__What is being asked__. For this listing, the lines between the one holding "Excellent condition. Dark" and the one holding "Women's Retro Pastoral", inclusive, must be set down exactly.

__Source data__.
# # # #
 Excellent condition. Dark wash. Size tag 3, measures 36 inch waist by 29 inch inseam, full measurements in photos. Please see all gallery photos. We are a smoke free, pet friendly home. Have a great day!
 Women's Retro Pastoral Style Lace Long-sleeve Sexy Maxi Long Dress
# # # #
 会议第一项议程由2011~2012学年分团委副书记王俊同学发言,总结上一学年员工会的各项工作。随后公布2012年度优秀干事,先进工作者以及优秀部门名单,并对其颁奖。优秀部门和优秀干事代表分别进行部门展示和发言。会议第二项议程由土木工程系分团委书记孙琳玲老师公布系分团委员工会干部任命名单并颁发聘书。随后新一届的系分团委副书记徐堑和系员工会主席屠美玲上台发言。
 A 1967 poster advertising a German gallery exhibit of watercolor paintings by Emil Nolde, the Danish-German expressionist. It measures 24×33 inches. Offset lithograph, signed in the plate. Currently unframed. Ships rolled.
# # # #
__Task result__.
 Excellent condition. Dark wash. Size tag 3, measures 36 inch waist by 29 inch inseam, full measurements in photos. Please see all gallery photos. We are a smoke free, pet friendly home. Have a great day!
 Women's Retro Pastoral Style Lace Long-sleeve Sexy Maxi Long Dress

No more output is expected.